Copy exactly, and only, the lines between the start of the entries below and the line containing "LOT: 42349479 VIN: KMHGC4DH5CU202757", both inclusive. Omit pictures.

START Source records

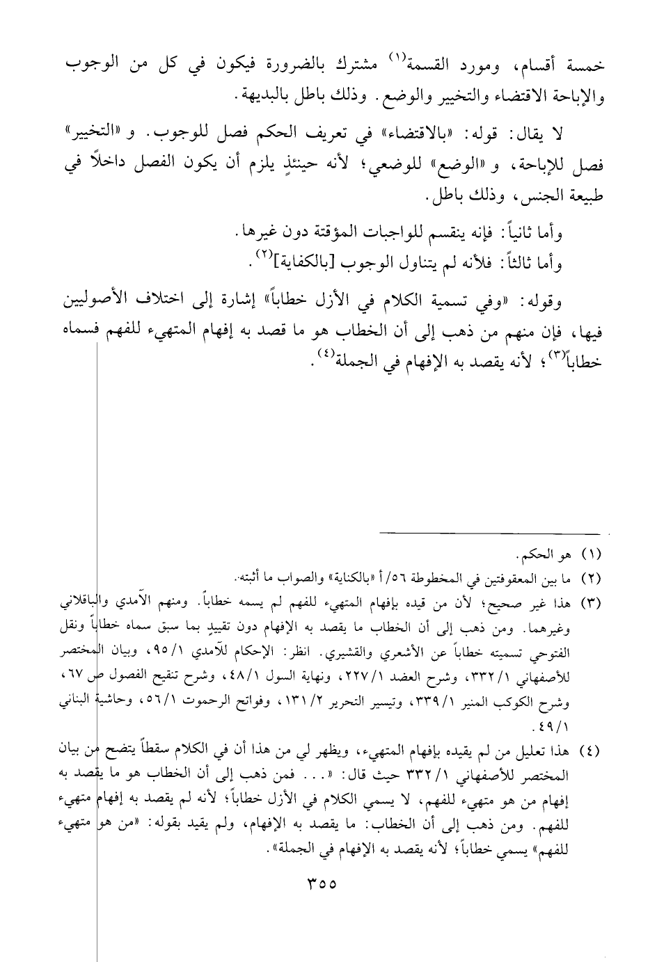 وقوله: {{وفي تسمية الكلام في الأزل خطاباً}} إشارة إلى اختلاف الأصوليين فيها، فإن منهم من ذهب إلى أن الخطاب هو ما قصد به إفهام المتهيء للفهم فسماه خطاباً؛ لأنه يقصد به الإفهام في الجملة.
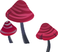 This features a group of four red mushrooms, each with different shapes and sizes. They are arranged in a row, standing upright on the ground. These whimsical mushroom illustrations have been created using glitch clipart, which is a collection of visual assets from the failed computer game Glitch. The game's assets were released into the public domain, allowing artists and designers to use them for their projects. The four red mushrooms in this image are an example of how these assets can be utilized creatively.
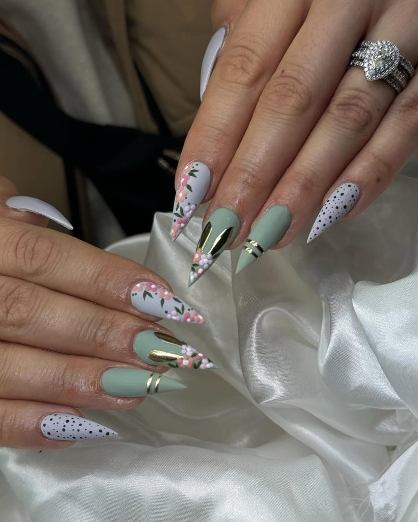 This manicure is pure drama in the best way. The elongated stiletto shape paired with muted greens and soft whites creates a striking contrast that feels elevated and fashion-forward. Floral Designs and subtle speckled details give it that Easter nod, while gold accents add a touch of glamour. It’s the kind of look that turns heads across the table.
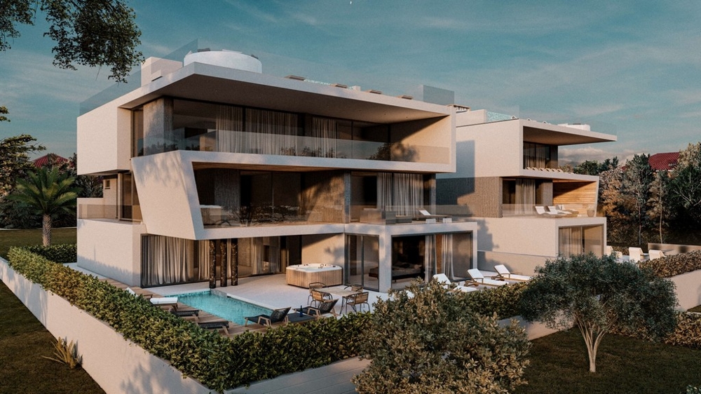 Die Wohnfläche verteilt sich auf zwei Schlafzimmer mit eigenem Bad, das Master-Schlafzimmer mit WC, Sauna, Dusche und Ankleidezimmer, das Wohnzimmer mit offener Küche und Essbereich sowie Terrassen und einen Garten mit Swimmingpool.
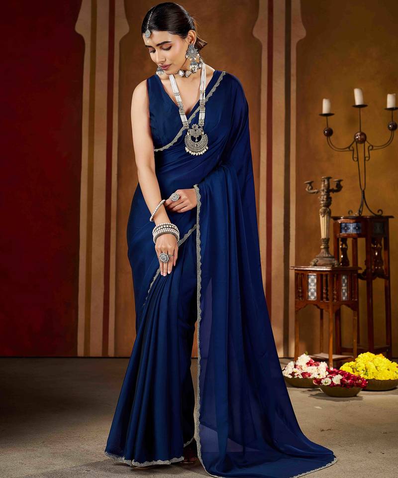 Party wear navy blue rangoli silk saree with fancy lace border
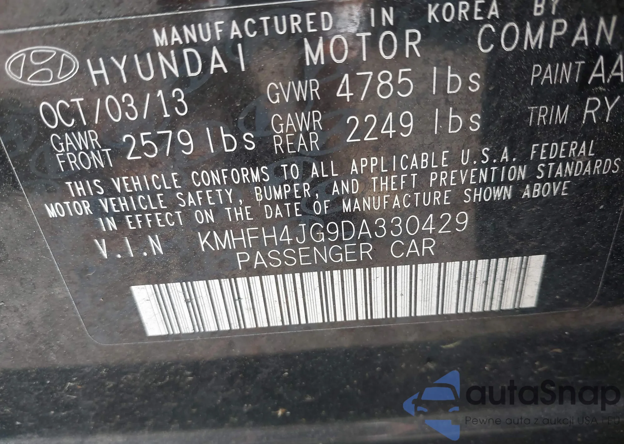 LOT: 42349479 VIN: KMHGC4DH5CU202757
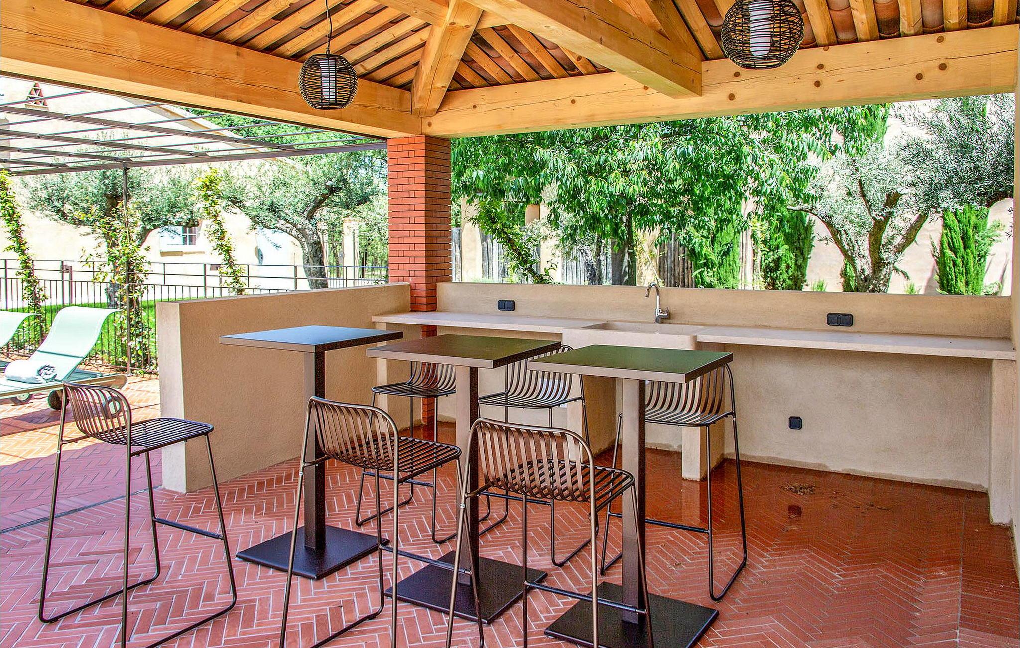 Forkæl dig selv i hjertet af Var med denne luksuriøse villa nær Saint-Maximin, beliggende i en stor vinproducerende ejendom. Denne fantastiske villa har et fuldt udstyret køkken, en rummelig stue med pejs og flere terrasser med malerisk udsigt. Første sal afslører seks suiter med aircondition, hver med sin egen charme og privatliv. Udendørs kan du nyde den opvarmede private pool (12m x 5m) blandt oliventræer og vinmarker med liggestole til afslapning. Villaen og lukkede, eksklusive haver ligger blandt 190 hektar vinproducerende ejendom i det franske landskab. Bemærkelsesværdige funktioner inkluderer aircondition i alle seks soveværelser, mulighed for en privat kok, vingårdsture og opladningsterminaler til elbiler på ejendommen. Andre private poolvillaer er tilgængelige i nærheden, og der er et receptionsområde til arrangementer. Beliggende i hjertet af Var, er villaen det ideelle sted for en afslappende ferie omgivet af natur. Alle lokale butikker i landsbyen Saint-Maximin 5 km væk eller i landsbyen Rougiers 5 km væk. I nærheden giver vinkælderen dig mulighed for at opdage ejendommens aktivitet, og dens mange naturrum er en mulighed for vandre- eller cykelture for en fordybelse i et autentisk og bevaret grønt Provence. Omfavn roen i denne Var-villa, en perfekt flugt, hvor skønheden i Provence omgiver dig.
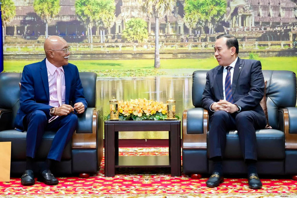 AKP Phnom Penh, February 19, 2025 -- Cambodian Minister of Tourism H.E. Huot Hak received here on Feb. 18 Mr. Dato’ Borhanuddin Osman, CEO of Amaz Maxs, and his team for a courtesy call and work discussion on potential collaboration. In the meeting, Mr. Dato...
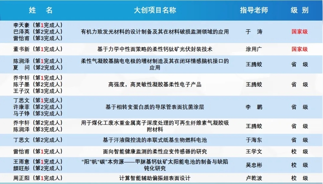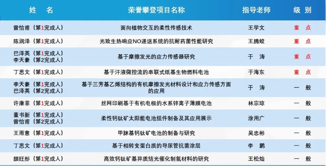 作为BEAT365英国官网首届柔性电子学本研衔接班学生,班级同学利用学校多体系交叉课程资源和多样化科技创新平台,积极参加各类创新创业竞赛。入学以来,班级同学累计参与科创项目32人次,科创项目参与率100%。
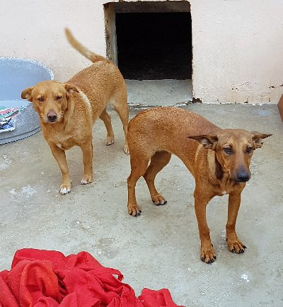 Carmen en Carmelo, twee Podencootjes, van de straat geplukt,... De dag dat Karma naar de luchthaven werd gebracht, liep deze Podenco doelloos over de carretera, een van de meest gevaarlijke autostrades die je je kan indenken,... Onze vrijwilligers hebben toen op alle mogelijke manieren deze lieverd van de straat proberen plukken,... Carmen kwam uiteindelijk zelf naar hen toe en sprong gewillig de auto in, alsof ze wist dat het goed zat,... Toen ze de auto terug wilden starten stond Carmelo plots voor hen met vragende ogen, om ook mee te mogen gaan met zijn vriendin. Bij het openen van het portier sprong hij gelijk binnen en legde zich naast haar neer,... Het was alsof ze genoeg hadden van hun twijfelachtige bestaan, alsof ze aangevoeld hadden dat deze mensen het goed met hen voor hadden, en beiden sliepen binnen de 5 minuten als een blok op de achterbank. Beiden zijn heerlijke Podencootjes, goede en lieve karakters, sympathiek en aanhankelijk, dankbaar als geen een. Hun namen hebben ze te danken aan onze geliefde Karma, die die dag naar huis vloog,... Dankzij zijn vlucht naar zijn warme mand, kwamen deze twee achtergelaten Podenco's in ons midden,... Carmen en Carmelo,...

END Source records

Final answer ::
 وقوله: {{وفي تسمية الكلام في الأزل خطاباً}} إشارة إلى اختلاف الأصوليين فيها، فإن منهم من ذهب إلى أن الخطاب هو ما قصد به إفهام المتهيء للفهم فسماه خطاباً؛ لأنه يقصد به الإفهام في الجملة.
 This features a group of four red mushrooms, each with different shapes and sizes. They are arranged in a row, standing upright on the ground. These whimsical mushroom illustrations have been created using glitch clipart, which is a collection of visual assets from the failed computer game Glitch. The game's assets were released into the public domain, allowing artists and designers to use them for their projects. The four red mushrooms in this image are an example of how these assets can be utilized creatively.
 This manicure is pure drama in the best way. The elongated stiletto shape paired with muted greens and soft whites creates a striking contrast that feels elevated and fashion-forward. Floral Designs and subtle speckled details give it that Easter nod, while gold accents add a touch of glamour. It’s the kind of look that turns heads across the table.
 Die Wohnfläche verteilt sich auf zwei Schlafzimmer mit eigenem Bad, das Master-Schlafzimmer mit WC, Sauna, Dusche und Ankleidezimmer, das Wohnzimmer mit offener Küche und Essbereich sowie Terrassen und einen Garten mit Swimmingpool.
 Party wear navy blue rangoli silk saree with fancy lace border
 LOT: 42349479 VIN: KMHGC4DH5CU202757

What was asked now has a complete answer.